» **Work to complete**: Could you retype the records word for word but without any pictures?

» **Input for this task**:
------------------------------------------------
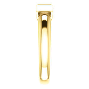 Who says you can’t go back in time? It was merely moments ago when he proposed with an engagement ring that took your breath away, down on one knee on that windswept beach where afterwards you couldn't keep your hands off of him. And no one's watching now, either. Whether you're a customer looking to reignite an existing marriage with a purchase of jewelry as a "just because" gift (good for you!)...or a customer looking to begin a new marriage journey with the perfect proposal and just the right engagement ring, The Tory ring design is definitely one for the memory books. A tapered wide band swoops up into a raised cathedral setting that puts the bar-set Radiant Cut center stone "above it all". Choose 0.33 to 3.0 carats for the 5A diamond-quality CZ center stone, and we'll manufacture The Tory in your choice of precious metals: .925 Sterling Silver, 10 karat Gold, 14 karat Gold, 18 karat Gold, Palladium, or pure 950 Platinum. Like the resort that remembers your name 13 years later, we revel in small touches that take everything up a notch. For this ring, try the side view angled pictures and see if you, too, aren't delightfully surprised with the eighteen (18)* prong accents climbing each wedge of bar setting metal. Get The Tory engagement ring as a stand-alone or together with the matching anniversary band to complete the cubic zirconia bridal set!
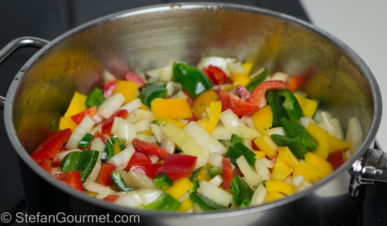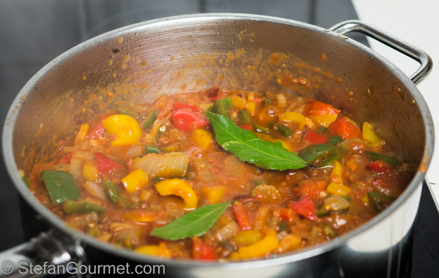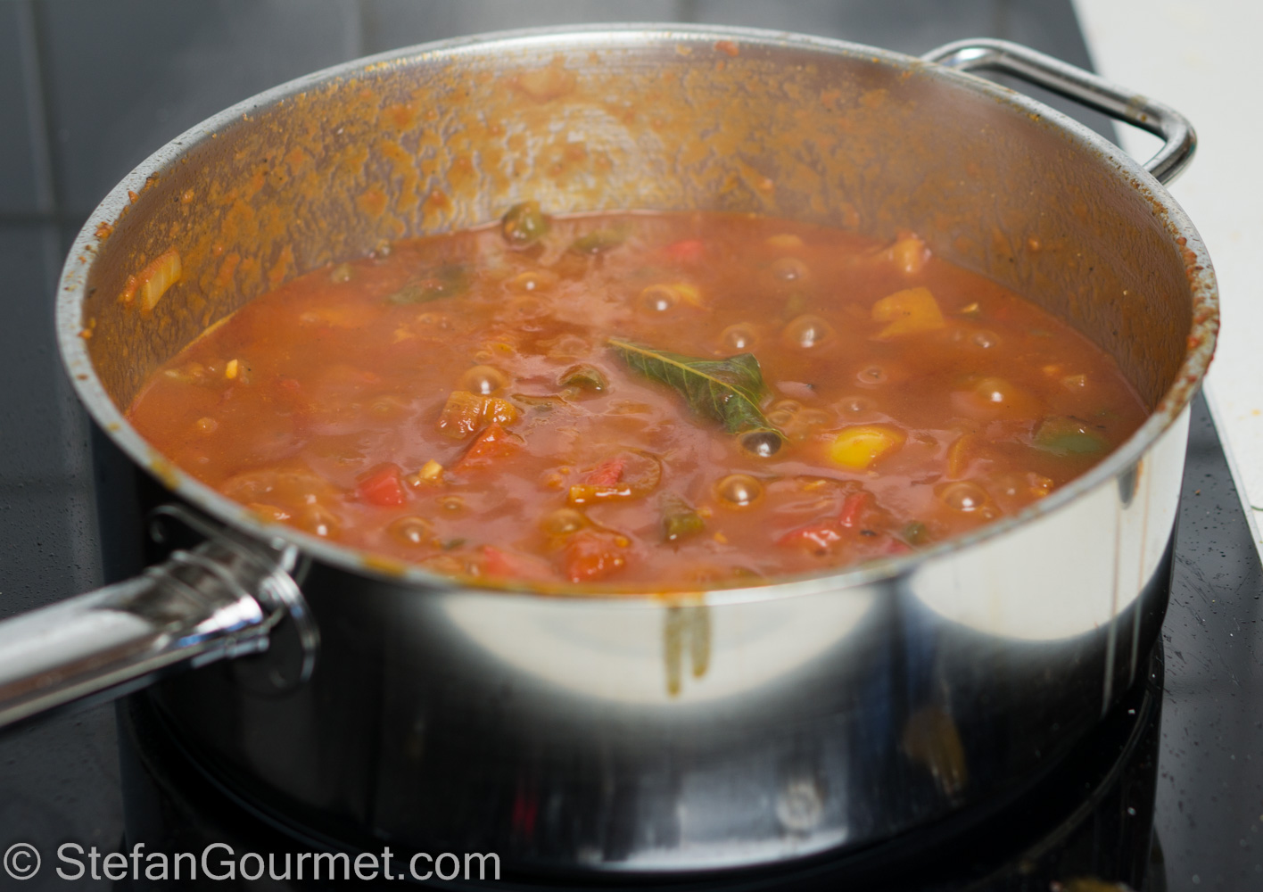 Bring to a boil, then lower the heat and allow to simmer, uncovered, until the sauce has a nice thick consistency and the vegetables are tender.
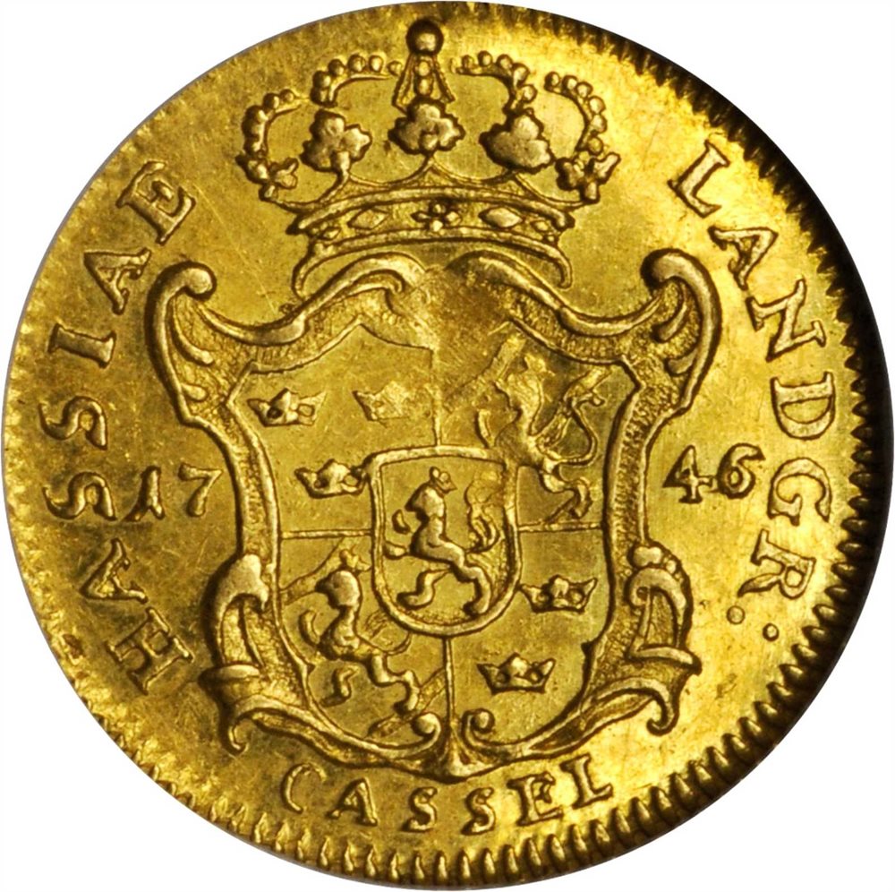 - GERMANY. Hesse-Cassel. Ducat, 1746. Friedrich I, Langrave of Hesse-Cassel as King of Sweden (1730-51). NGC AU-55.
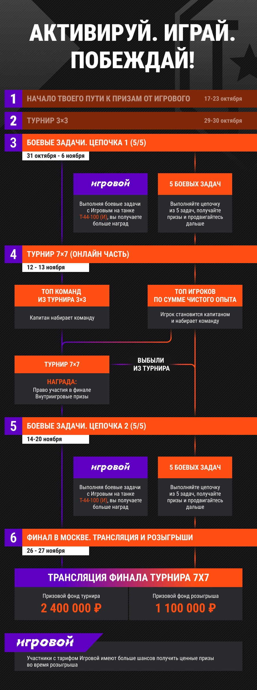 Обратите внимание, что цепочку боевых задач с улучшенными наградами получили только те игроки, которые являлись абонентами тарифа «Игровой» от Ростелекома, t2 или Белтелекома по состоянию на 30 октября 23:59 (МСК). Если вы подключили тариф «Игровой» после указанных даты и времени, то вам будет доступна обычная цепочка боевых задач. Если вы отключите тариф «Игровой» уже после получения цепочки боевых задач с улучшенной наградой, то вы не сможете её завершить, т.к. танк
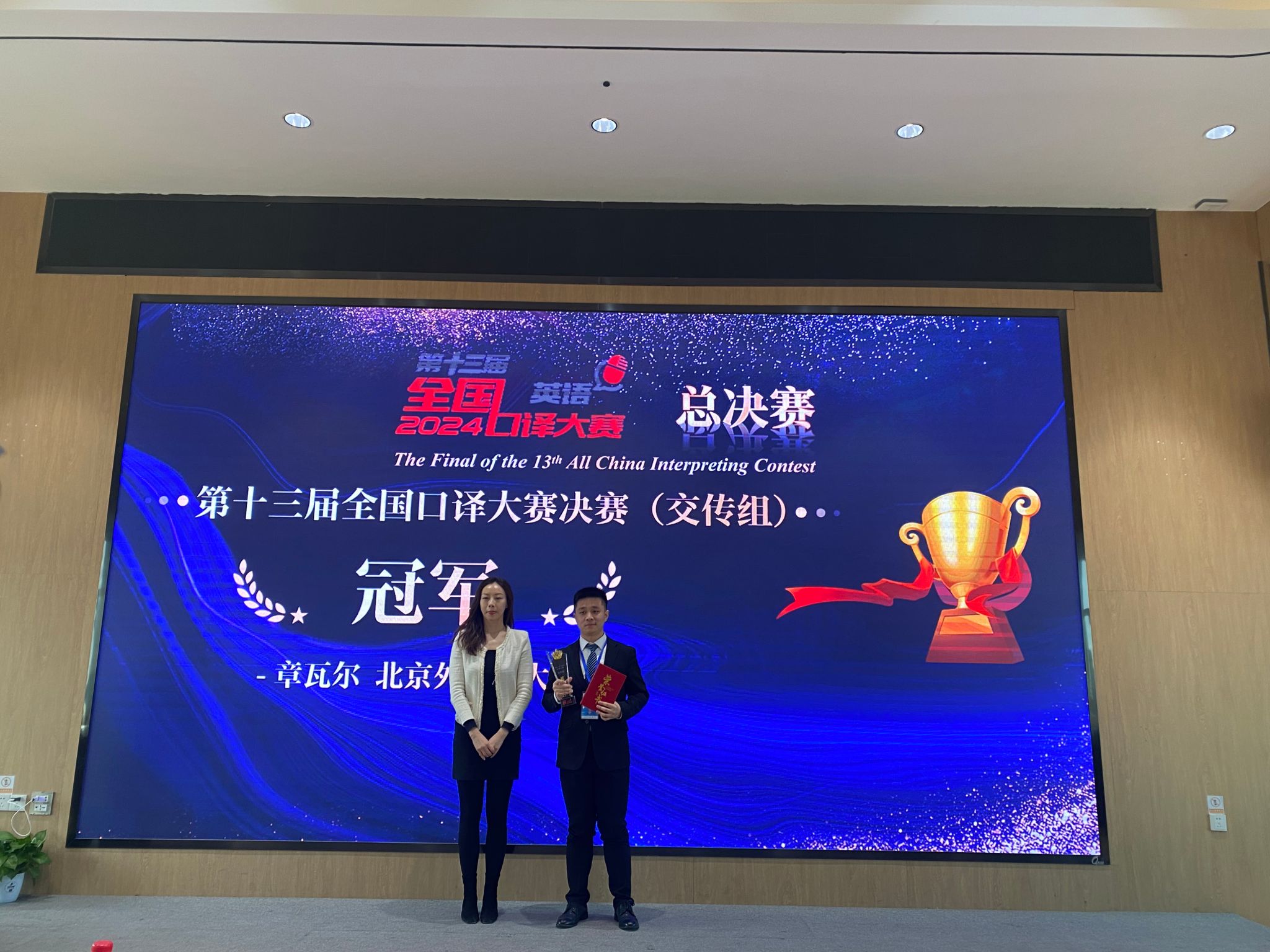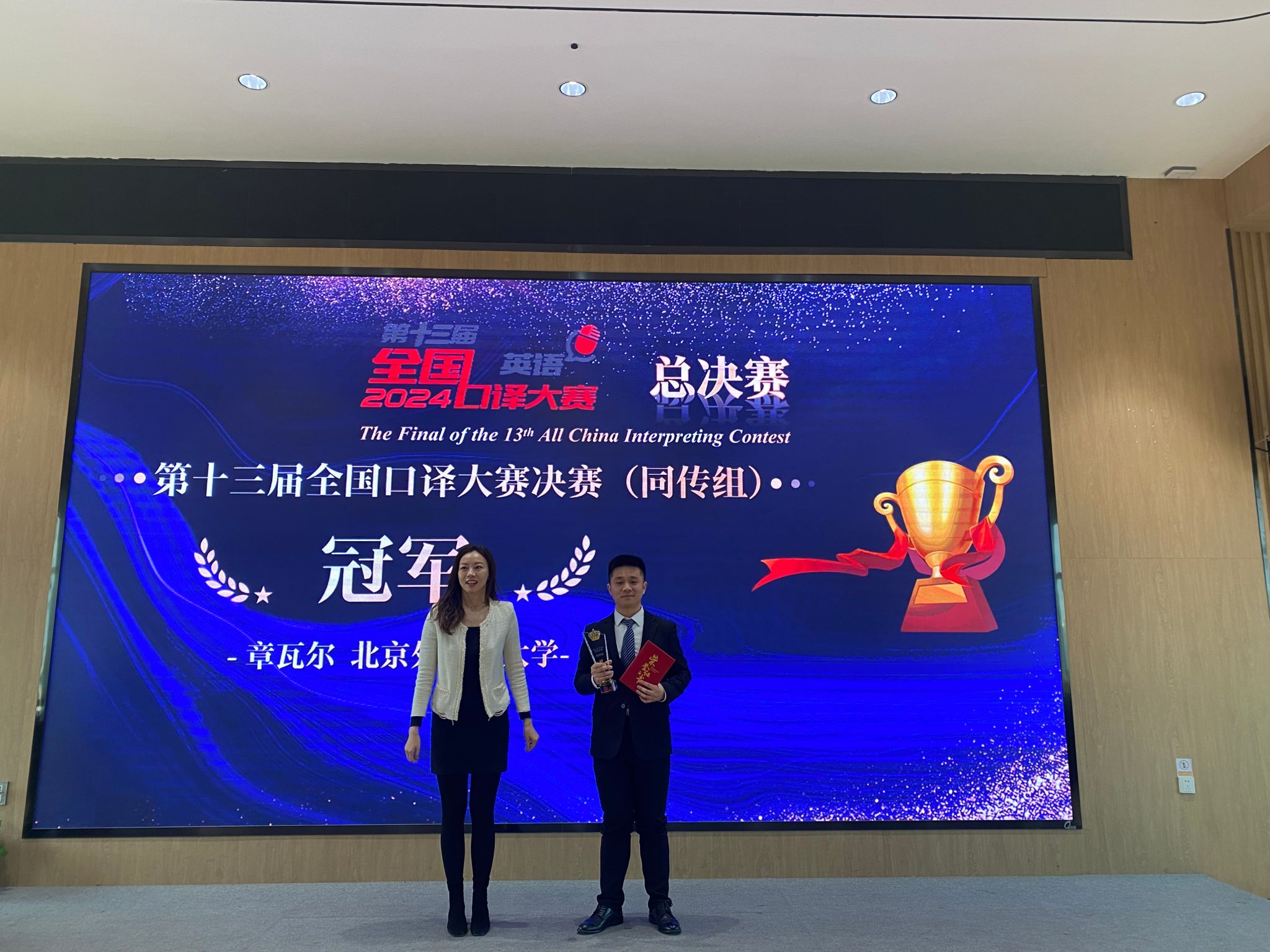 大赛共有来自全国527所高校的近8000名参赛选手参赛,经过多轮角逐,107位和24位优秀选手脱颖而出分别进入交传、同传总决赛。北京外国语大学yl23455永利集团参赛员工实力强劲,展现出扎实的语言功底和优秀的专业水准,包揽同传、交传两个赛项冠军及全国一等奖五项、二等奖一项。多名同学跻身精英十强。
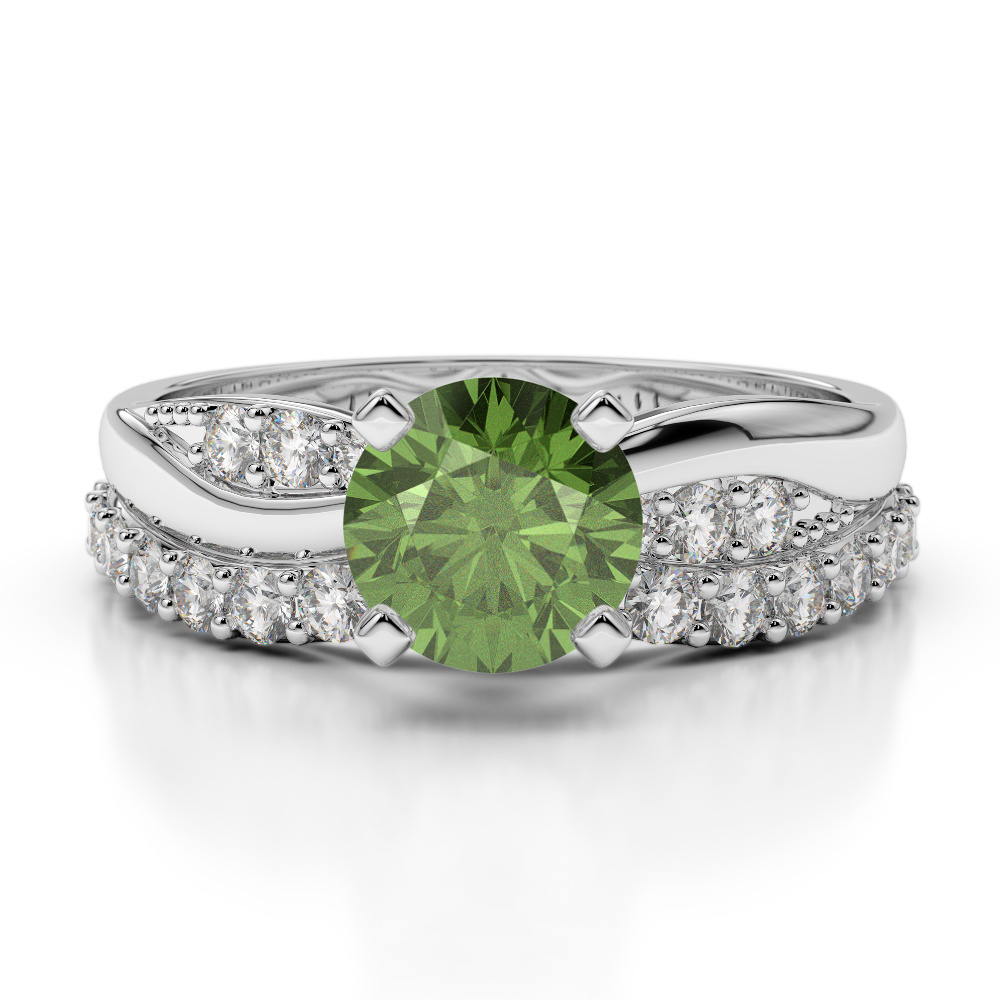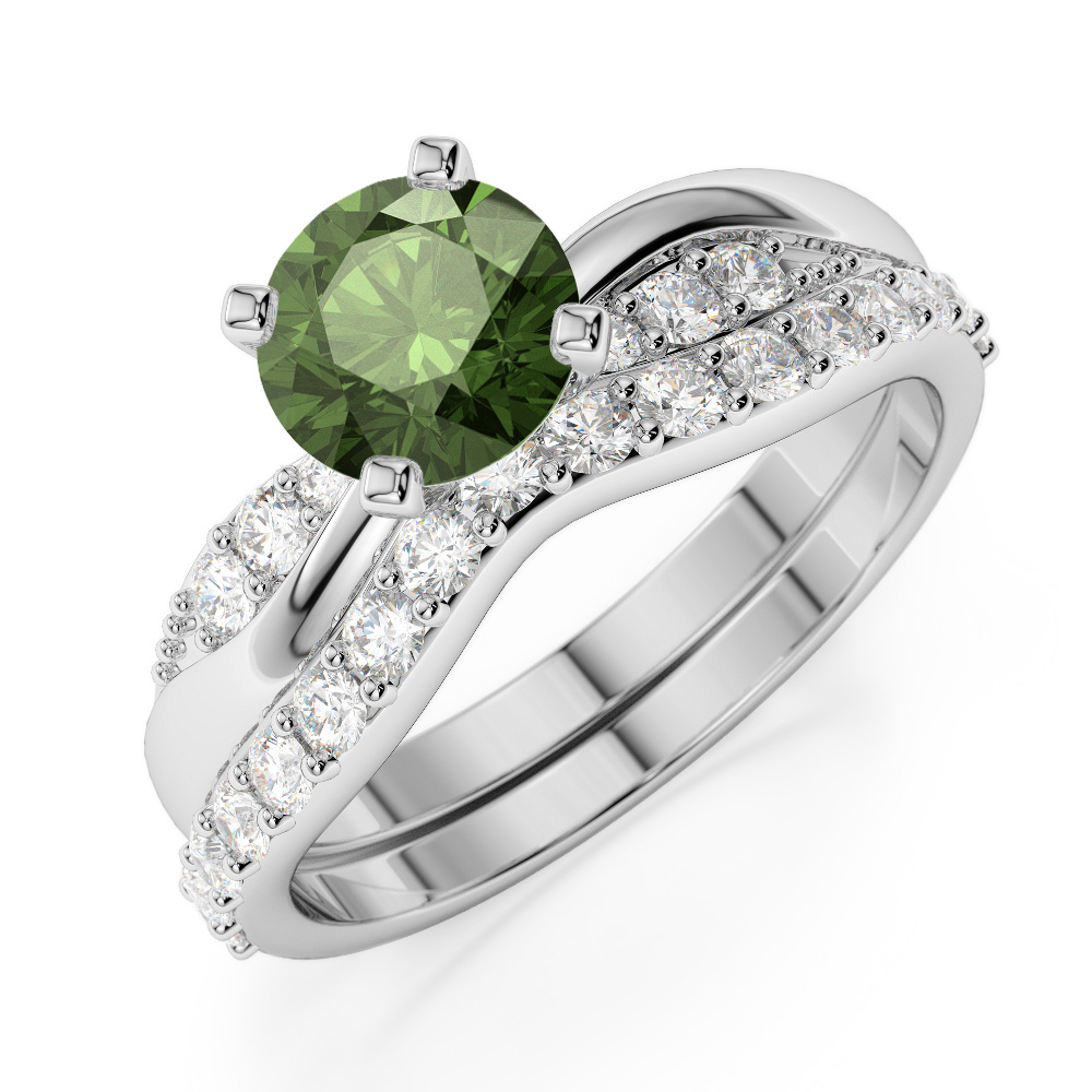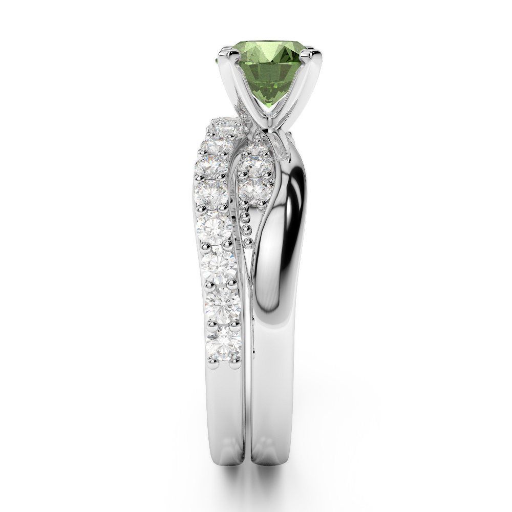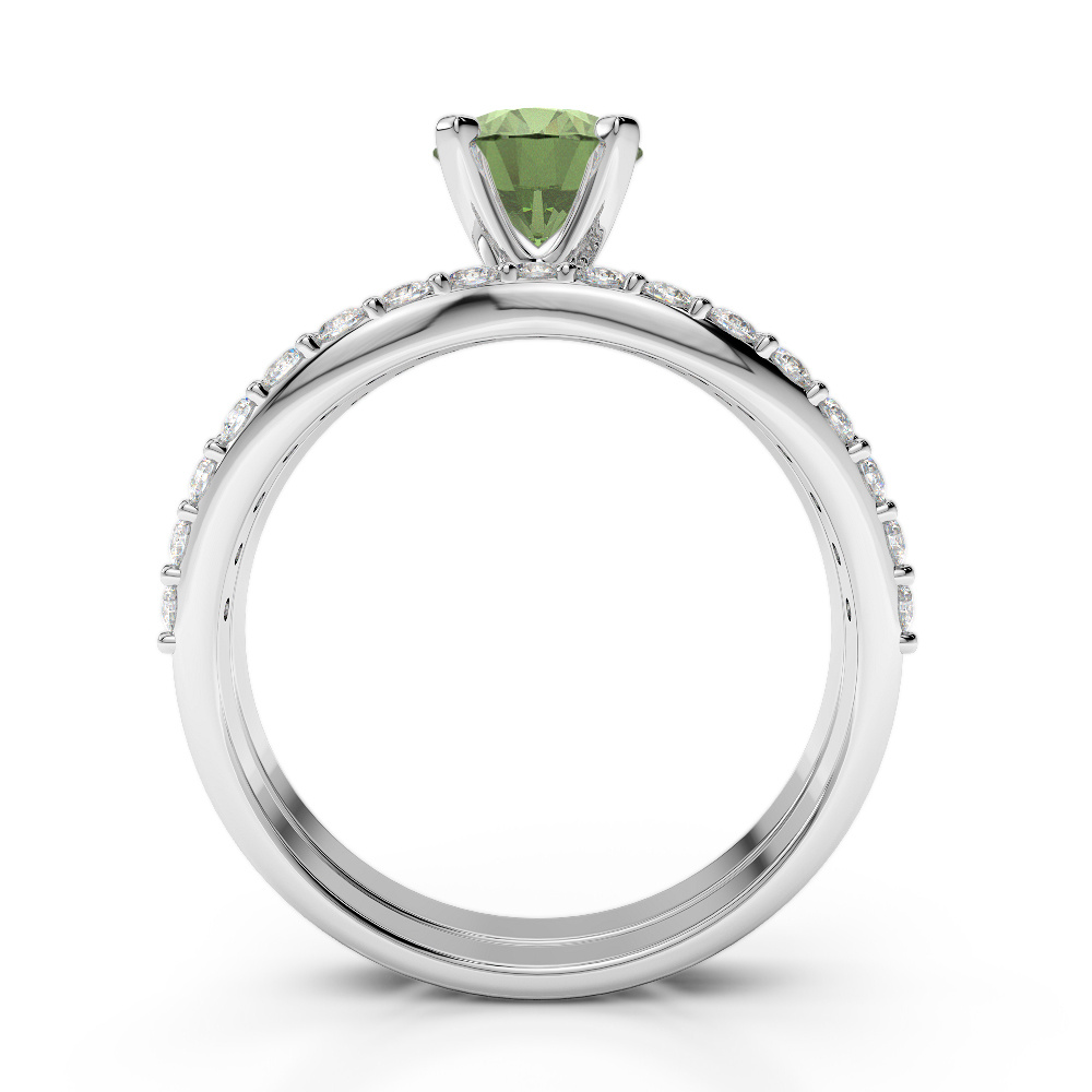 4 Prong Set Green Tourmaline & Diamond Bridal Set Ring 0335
------------------------------------------------
» **Task solution**:
 Who says you can’t go back in time? It was merely moments ago when he proposed with an engagement ring that took your breath away, down on one knee on that windswept beach where afterwards you couldn't keep your hands off of him. And no one's watching now, either. Whether you're a customer looking to reignite an existing marriage with a purchase of jewelry as a "just because" gift (good for you!)...or a customer looking to begin a new marriage journey with the perfect proposal and just the right engagement ring, The Tory ring design is definitely one for the memory books. A tapered wide band swoops up into a raised cathedral setting that puts the bar-set Radiant Cut center stone "above it all". Choose 0.33 to 3.0 carats for the 5A diamond-quality CZ center stone, and we'll manufacture The Tory in your choice of precious metals: .925 Sterling Silver, 10 karat Gold, 14 karat Gold, 18 karat Gold, Palladium, or pure 950 Platinum. Like the resort that remembers your name 13 years later, we revel in small touches that take everything up a notch. For this ring, try the side view angled pictures and see if you, too, aren't delightfully surprised with the eighteen (18)* prong accents climbing each wedge of bar setting metal. Get The Tory engagement ring as a stand-alone or together with the matching anniversary band to complete the cubic zirconia bridal set!
 Bring to a boil, then lower the heat and allow to simmer, uncovered, until the sauce has a nice thick consistency and the vegetables are tender.
 - GERMANY. Hesse-Cassel. Ducat, 1746. Friedrich I, Langrave of Hesse-Cassel as King of Sweden (1730-51). NGC AU-55.
 Обратите внимание, что цепочку боевых задач с улучшенными наградами получили только те игроки, которые являлись абонентами тарифа «Игровой» от Ростелекома, t2 или Белтелекома по состоянию на 30 октября 23:59 (МСК). Если вы подключили тариф «Игровой» после указанных даты и времени, то вам будет доступна обычная цепочка боевых задач. Если вы отключите тариф «Игровой» уже после получения цепочки боевых задач с улучшенной наградой, то вы не сможете её завершить, т.к. танк
 大赛共有来自全国527所高校的近8000名参赛选手参赛,经过多轮角逐,107位和24位优秀选手脱颖而出分别进入交传、同传总决赛。北京外国语大学yl23455永利集团参赛员工实力强劲,展现出扎实的语言功底和优秀的专业水准,包揽同传、交传两个赛项冠军及全国一等奖五项、二等奖一项。多名同学跻身精英十强。
 4 Prong Set Green Tourmaline & Diamond Bridal Set Ring 0335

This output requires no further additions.